Extracted data entries

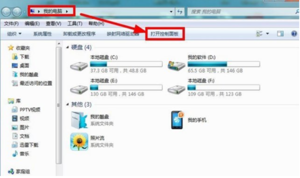 1、首先打开win7系统的“我的电脑”找到“打开控制面板”直接进入。
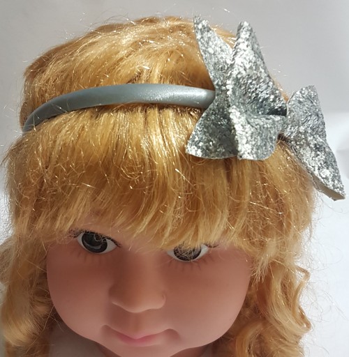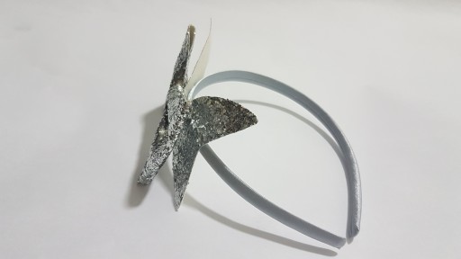 Pałąk pokryty atłasową tkaniną popielato-srebrną,/wewnątrz plastikowy/
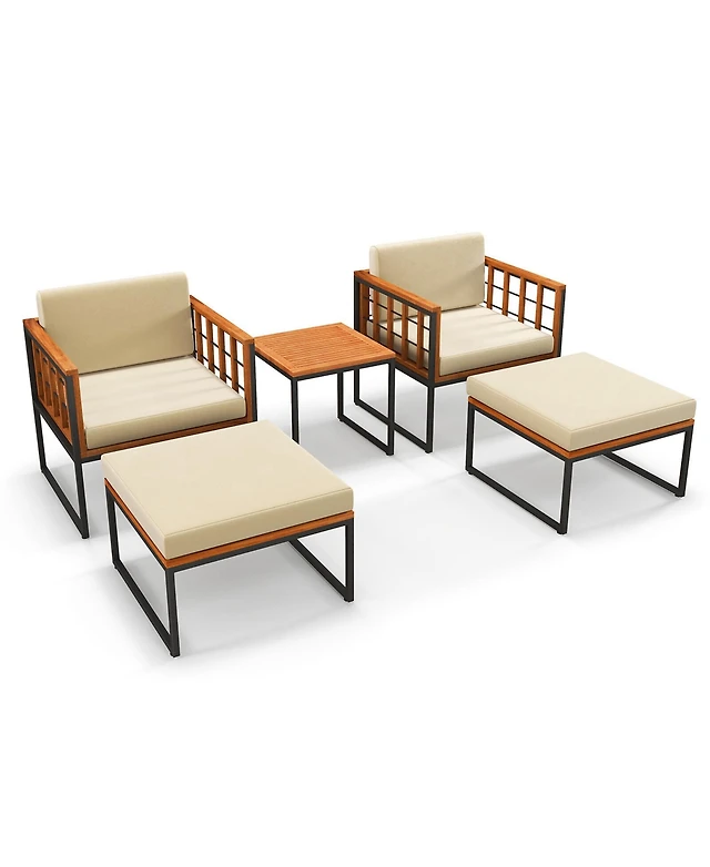 Gymax 5 Pcs Acacia Wood Patio Furniture Set w/ Ottomans Soft Cushions & Coffee Table
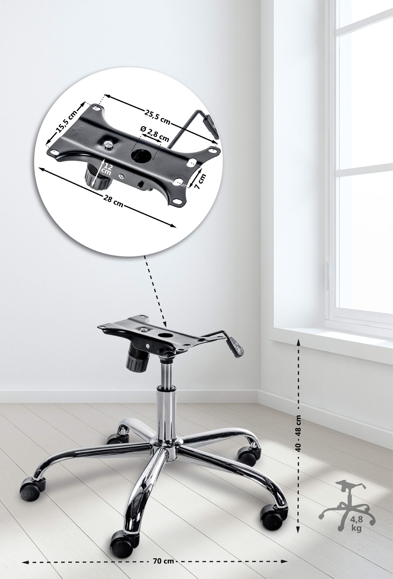 Dit frame biedt de mogelijkheid om jouw bureaustoel te repareren of weer als nieuw te laten stralen. Mocht het frame van je bureaustoel beschadigd zijn en niet meer naar wens functioneren, dan hoef je niet meteen een nieuwe stoel aan te schaffen. Dit frame kan universeel geïnstalleerd worden voor stoelen met de juiste afmetingen. Het beschikt over vijf soepel lopende wielen, is hoogte verstelbaar en heeft een schommelfunctie.
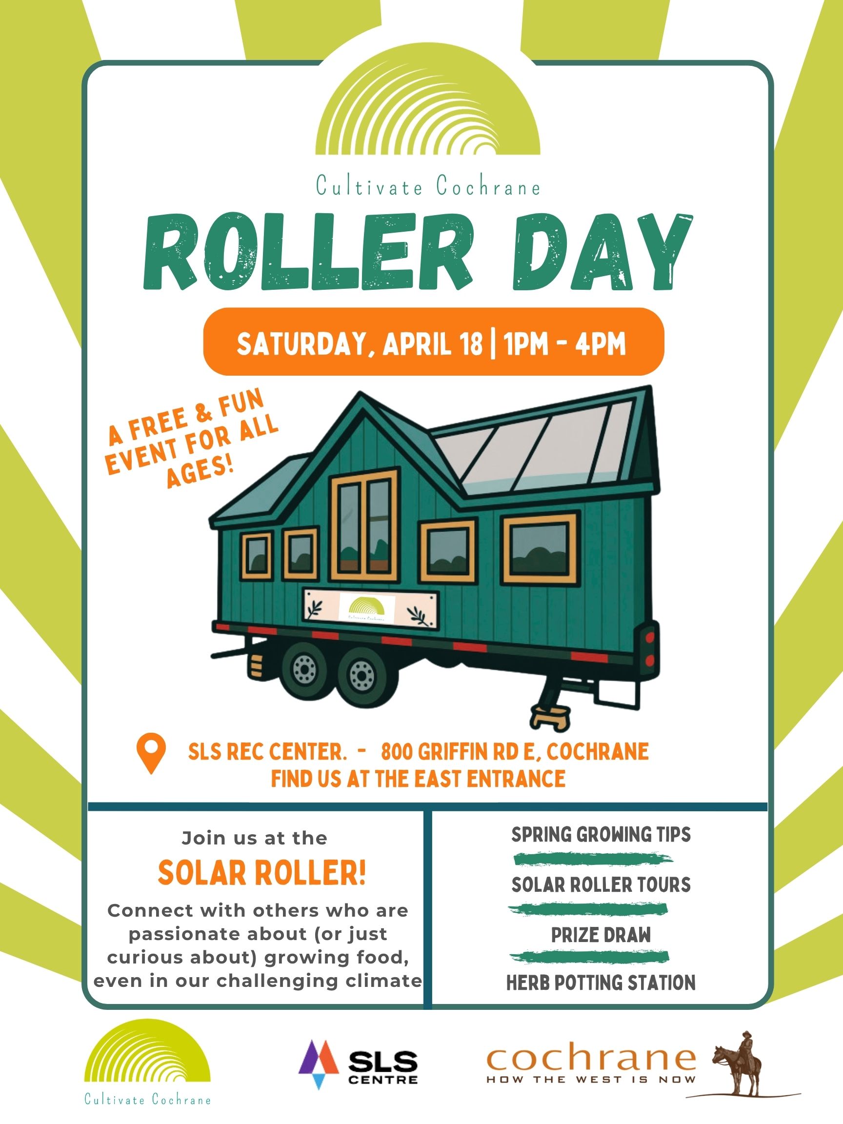 Cultivate Cochrane Society is a local nonprofit organization that teaches people about food sustainability and gardening in a very tough climate, and advocates for the same. Every year, we host Roller Day to showcase our current mobile solar greenhouse and programming. It will be a fun day with a variety of family-friendly activities, plus tours of the solar roller. If people want to see more of us, we are at many events throughout the summer, listed on our website under 'Connect With Us.'
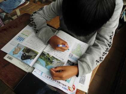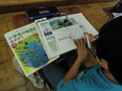 熱心に教科書を読み調べています。「あっ,少しでも高い土地に家を建てている。って書いてある!」「水屋って何?」など様々なつぶやきが聞こえてきました。ものすごい集中力です。
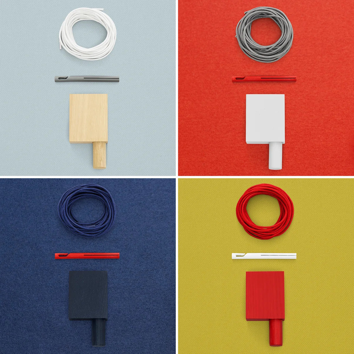 Het ophangmechanisme van het Ready Made Curtain van Kvadrat bevat een koord en een ophangmechanisme in eikenhout. Het kan aan de muur of aan het plafond worden bevestigd.
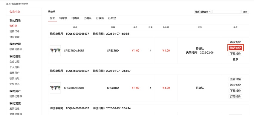 也可以在邮件里点击确认询价进行确认,也可以在后台的我的交易-询价单-待确认中进行询价确认
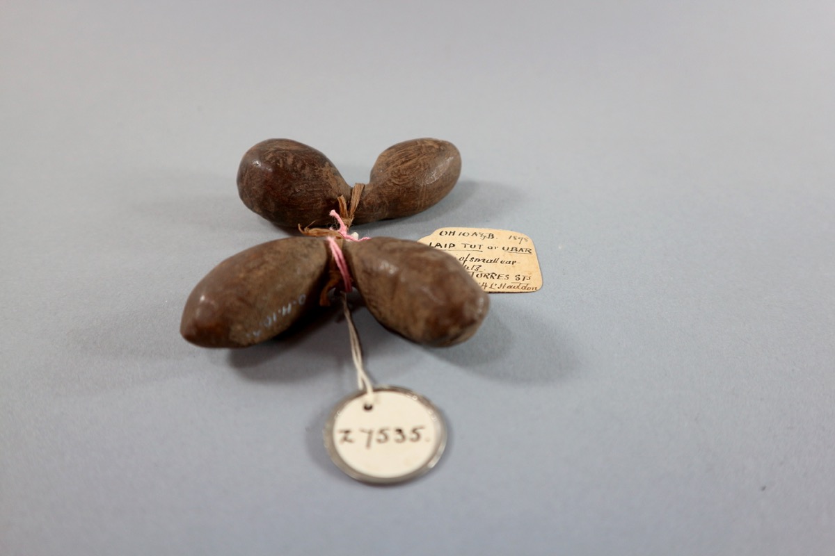 Card 2: 'Carved from light wood (probably Manilkara kaukii) in shape of two lobes joined by narrow constriction.'
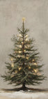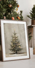 Un árbol de Navidad de estilo vintage suavemente pintado se alza bajo una tranquila luz invernal con pequeñas luces doradas entre las ramas de color verde intenso. El fondo neutro y texturizado y un ligero toque de nieve le dan al motivo una atmósfera navideña tranquila y nostálgica, perfecta para acogedoras decoraciones de temporada, paredes de galerías clásicas o hogares escandinavos.
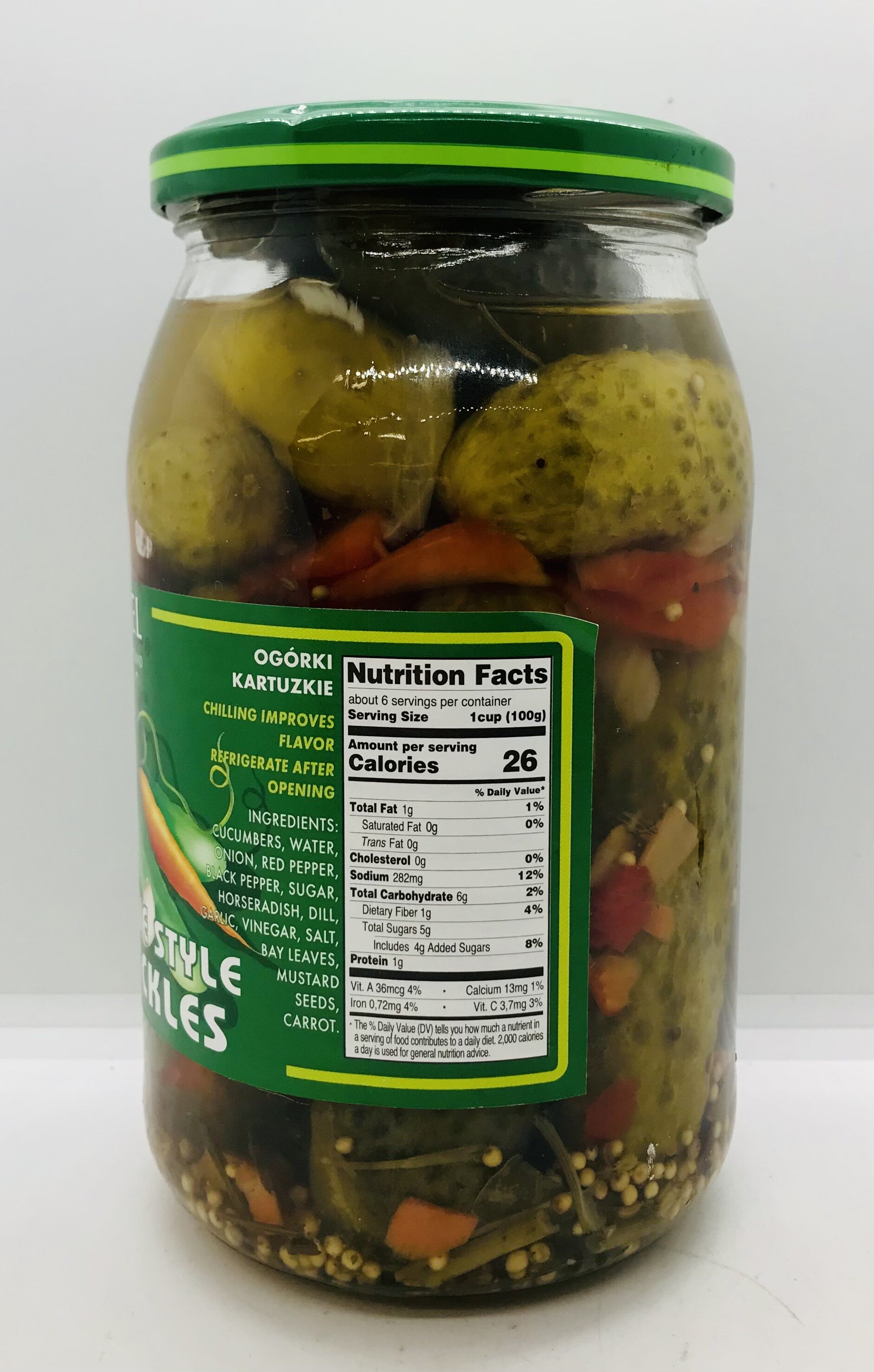 Cucumbers, water, onion, red pepper, black pepper, sugar, horseradish, dill, garlic, vinegar, salt, bay leaves, mustard seeds, carrot.
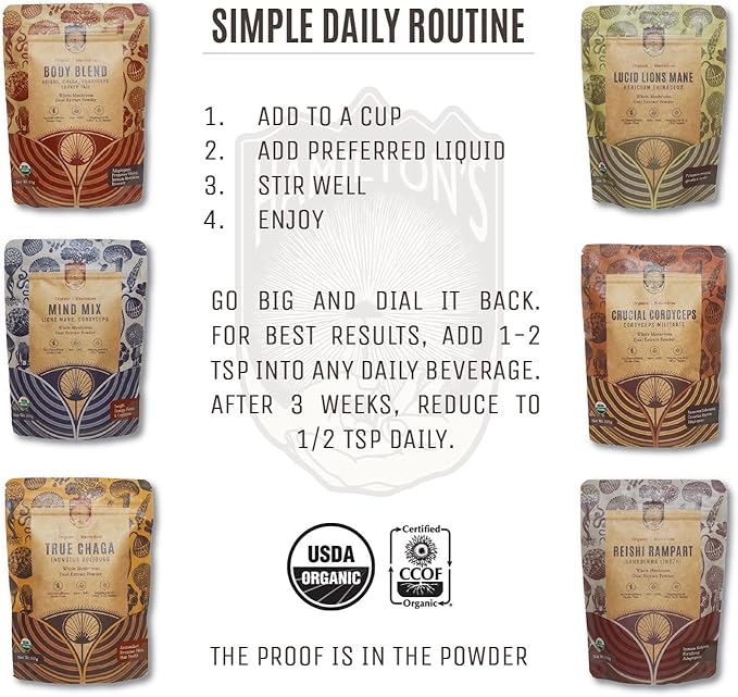 - No Fillers or Additives: Pure organic whole mushrooms with no fillers or grain.

* _Directions_: Repeat, exactly and in full, each line from the start of the data to the line that contains "Het ophangmechanisme van". Pictures do not go in.

* _Response to this task_:
 1、首先打开win7系统的“我的电脑”找到“打开控制面板”直接进入。
 Pałąk pokryty atłasową tkaniną popielato-srebrną,/wewnątrz plastikowy/
 Gymax 5 Pcs Acacia Wood Patio Furniture Set w/ Ottomans Soft Cushions & Coffee Table
 Dit frame biedt de mogelijkheid om jouw bureaustoel te repareren of weer als nieuw te laten stralen. Mocht het frame van je bureaustoel beschadigd zijn en niet meer naar wens functioneren, dan hoef je niet meteen een nieuwe stoel aan te schaffen. Dit frame kan universeel geïnstalleerd worden voor stoelen met de juiste afmetingen. Het beschikt over vijf soepel lopende wielen, is hoogte verstelbaar en heeft een schommelfunctie.
 Cultivate Cochrane Society is a local nonprofit organization that teaches people about food sustainability and gardening in a very tough climate, and advocates for the same. Every year, we host Roller Day to showcase our current mobile solar greenhouse and programming. It will be a fun day with a variety of family-friendly activities, plus tours of the solar roller. If people want to see more of us, we are at many events throughout the summer, listed on our website under 'Connect With Us.'
 熱心に教科書を読み調べています。「あっ,少しでも高い土地に家を建てている。って書いてある!」「水屋って何?」など様々なつぶやきが聞こえてきました。ものすごい集中力です。
 Het ophangmechanisme van het Ready Made Curtain van Kvadrat bevat een koord en een ophangmechanisme in eikenhout. Het kan aan de muur of aan het plafond worden bevestigd.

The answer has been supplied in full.